Richelieu, malgré son génie, ne parviendra jamais à résoudre cette contradiction entre la misère du peuple et la gloire de l’État. La conscience qu’il en a explique le jugement amer qu’il porte à la fin de sa vie sur celui qui exerce le pouvoir : « Celui qui occupe cet emploi doit savoir que les grands hommes qu’on met au gouvernement des États sont comme ceux qu’on condamne au supplice [...]. Il doit savoir qu’il n’appartient qu’aux grandes âmes de servir fidèlement les rois et supporter la calomnie que les méchants et ignorants imputent aux gens de bien [...]. Il doit savoir encore que la condition de ceux qui sont appelés au maniement des affaires publiques est beaucoup à plaindre en ce que, s’ils font bien, la malice du monde en diminue souvent la gloire [...]. Enfin, il doit savoir que ceux qui sont dans les ministères sont obligés d’imiter les astres qui, nonobstant les abois des chiens, ne laissent pas de les éclairer et de suivre leur cours, ce qui doit l’obliger à faire un tel mépris de telles injures que sa probité n’en puisse être ébranlée ni le détourner de marcher avec fermeté aux fins qu’il s’est proposées pour le bien de l’État. »

Richelieu et la mer

Dans son Testament politique, le cardinal écrivait : « La puissance des armes requiert non seulement que le roi soit plutôt fort sur la terre, mais elle veut en outre qu’il soit puissant sur la mer. »

Dès le début de son ministère, il s’y était employé en faisant construire une quarantaine de galères qui devaient assurer la sécurité du trafic en Méditerranée contre les pirateries des Barbaresques.

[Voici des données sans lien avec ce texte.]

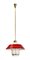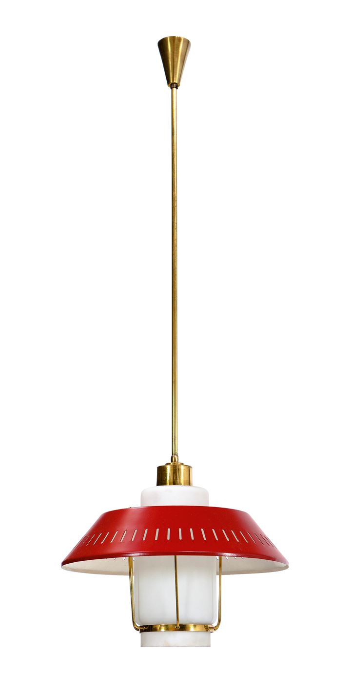 Lampada a sospensione in ottone e metallo laccato. Diffusore in vetro satinato.

En même temps, un traité signé avec le Maroc rétablissait une relative sécurité pour le commerce méditerranéen. L’idée de Richelieu, nommé en 1626 « surintendant général de la navigation et du commerce », après l’abolition des amirautés du Levant et du Ponant, était de développer un grand commerce océanique, mais celui-ci ne pouvait prospérer qu’à condition que des bateaux de guerre assurassent la libre navigation des vaisseaux marchands.

La création de compagnies de commerce, la fondation de comptoirs coloniaux au Canada et aux Antilles furent la conséquence du développement de notre marine. Pour donner du prix au commerce et du prestige aux marchands, le « code Michau » de 1629 autorisait la noblesse à participer aux compagnies et anoblissait les roturiers qui entretenaient un navire marchand. Richelieu ne craignait pas de bousculer la mentalité de son temps et ne reculait devant aucune hardiesse pour permettre à la France d’égaler dans ce domaine la prospérité de l’Angleterre ou de l’Espagne. Il envoyait des missions en Perse, en Russie, en Guinée et en Abyssinie pour y étudier les possibilités commerciales.

Mais cette politique, qui annonçait et préparait celle de Colbert, fut gênée par les difficultés financières créées par sa grandiose politique étrangère. Si les réalisations demeurèrent, de ce fait, précaires, Richelieu eut néanmoins le mérite de frayer les voies à ses successeurs.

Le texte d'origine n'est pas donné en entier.